In another study by Stewart, assisted by Perth’s Gilliam, Stewart notes that BoM previously ran a Mark 1 Acorn-Sat series which was highly praised internationally in 2011 as “an important long-term national asset”.[15] The BoM barely a year later mysteriously withdrew it and replaced it with an adjusted Mark 2 version, based on the same raw data. The adjustments — normally used for good technical reasons — increased our warming trend from 0.09degC warming per decade to 0.13degC per decade to 2022. This came about from lowering adjusted temperatures before 1971 and raising them after, Stewart’s audit shows. This “increased warming” of up to 0.4degC per century is entirely from dubious adjustments, not changes in measured data.
The BoM/CSIRO systems of temperature adjustments was OK’d by a panel of four supposed “world-leading experts” from countries where the adjustments are also contentious – especially New Zealand with its notorious adjustment bias towards warming. No wonder the BoM is now at loggerheads with the satellites.
The CITED BoM Australian-average temperature records using screens only start in 1910, although its data for Melbourne goes back to 1855. If the long-term records included the searing heat and drought of the 1890s and earlier, today’s warming would look less alarming.
It’s disappointing that even the measurement of our mild global warming (which has proceeded since the 18th century’s Little Ice Age) has become politicised, corrupted and tweaked to suit the alarmist narrative. Who’d dare to say, “Trust me, I’m a climate scientist”?
Tony Thomas’ latest essay collection “Foot Soldier in the Culture Wars” ($29.95) is available from publisher ConnorCourt
[1] AAS 2012: Ticking time bombs in the human-earth system
[2] Statistically, “the period from the earliest month starting with which the least-squares linear-regression trend to the most recent month does not exceed zero.”
[3] Chapter 9, text box 9.2, page 769.
[4] ACORN-SAT: Australian Climate Observations Reference Network – Surface Air Temperature.
[5] The “homogenisation” is a black-box process eschewing transparency.
[6] U.S. Climate Reference Network (USCRN), Clouds and the Earth’s Radiant Energy System (CERES).
[7] There’s a rival California-based group called RSS which also monitors satellite-based temperatures. Their series agrees more with land-based measurements but is not independent of them and is part-reliant on modelling estimates.
[8] Phil Jones: “For much of the SH [Southern Hemisphere] between 40 and 60S the normals are mostly made up as there is very little ship data there.”

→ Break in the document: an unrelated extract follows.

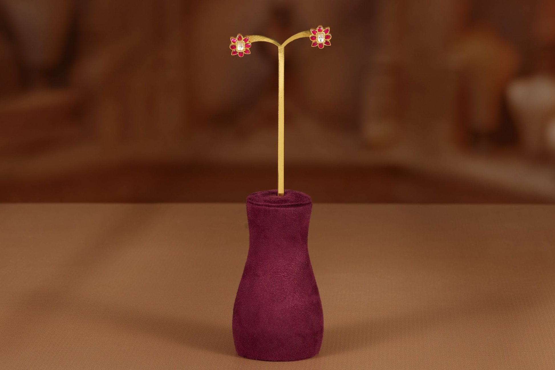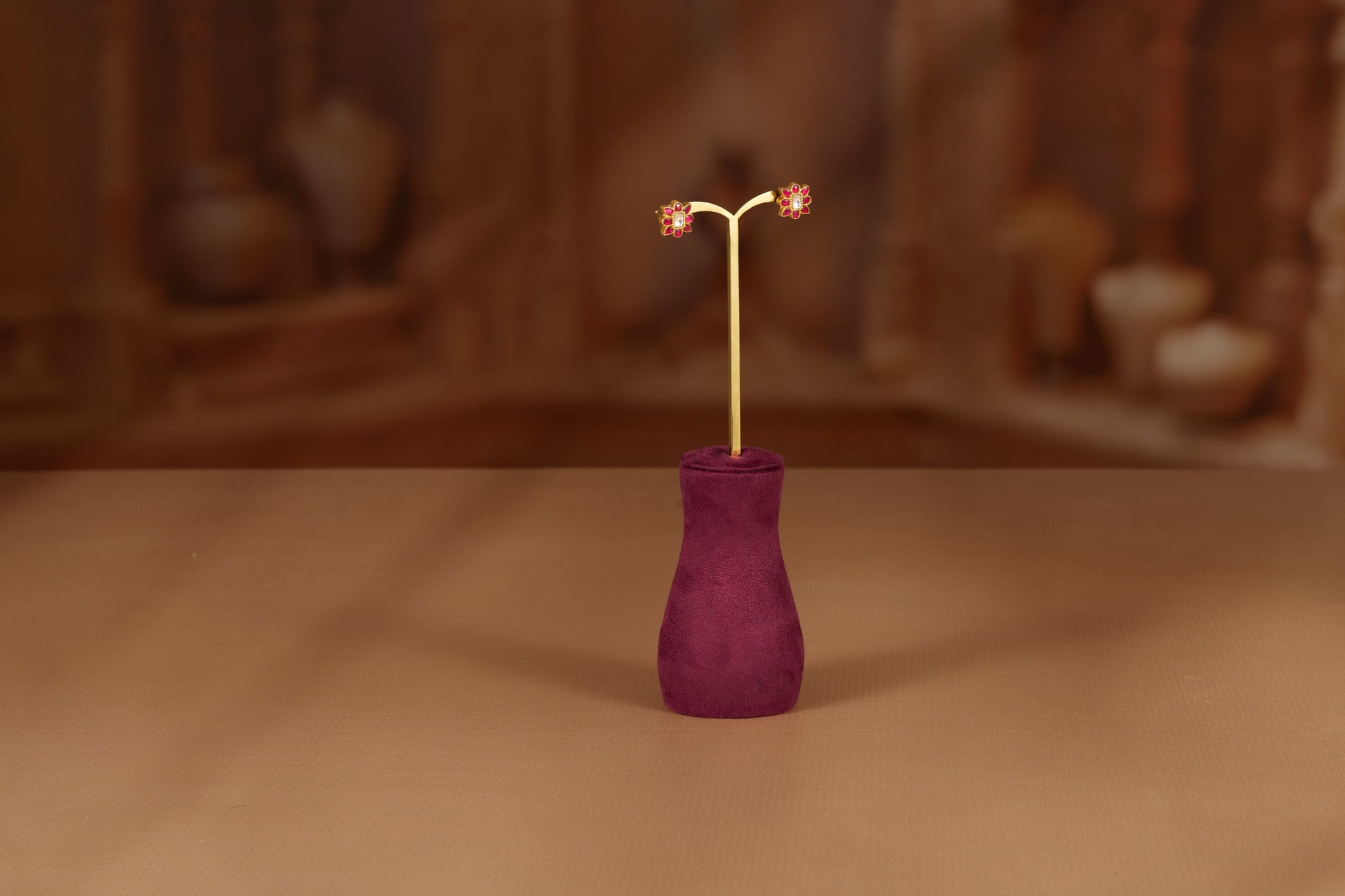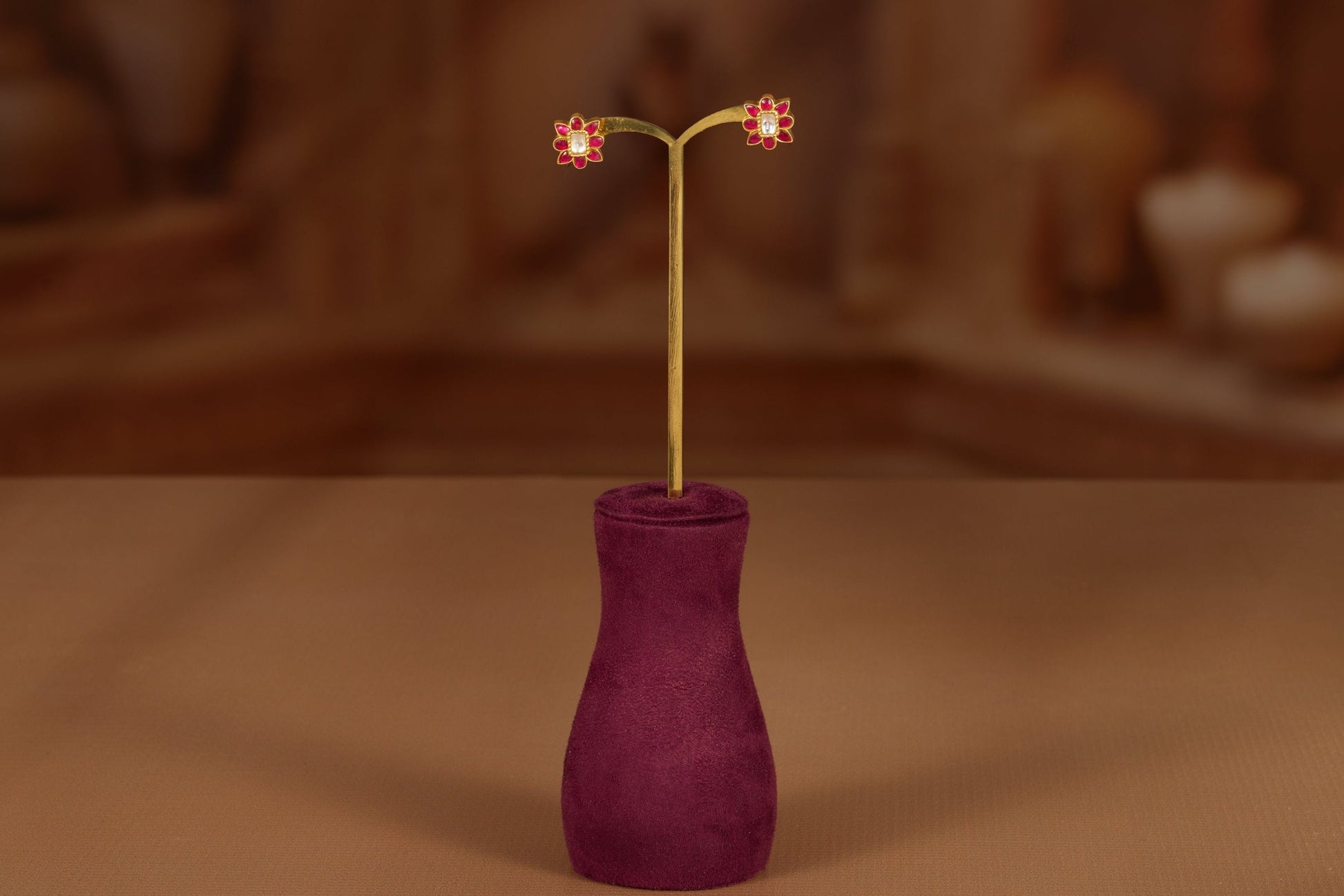 A cluster of vibrant, colorful gemstones, likely pink rubies, which form the central core of the stud. Surrounding this colored center is a brilliant ring of smaller, accent stones (diamond simulants) that resemble the petals of a flower or the rays of a star. This multi-stone setting creates a highly textured and dynamic surface.

[9] 2009 Climategate email from climate scientist Tom Wigley: “Phil [Jones], Here are some speculations on correcting SSTs [sea surface temperatures] to partly explain the 1940s warming blip. If you look at the attached plot you will see that the land also shows the 1940s blip (as I’m sure you know). So, if we could reduce the ocean blip by, say, 0.15 degC, then this would be significant for the global mean — but we’d still have to explain the land blip. I’ve chosen 0.15 here deliberately.”
[10] McLean: “It’s very careless and amateur. About the standard of a first-year university student … Governments have had 25 years to check the data on which they’ve been spending billions of dollars. And they haven’t done so once.”
[11] NOAA’s “Requirements and Standards for [National Weather Service] Climate Observations” instructs that temperature data instruments must be “over level terrain (earth or sod) typical of the area around the station and at least 100 feet from any extensive concrete or paved surface.”
[12] Minister Hunt: “My answer was very clear: we have perhaps the best or one of the best meteorological organisations in the world. I have full confidence in their data and the idea was killed at that point,”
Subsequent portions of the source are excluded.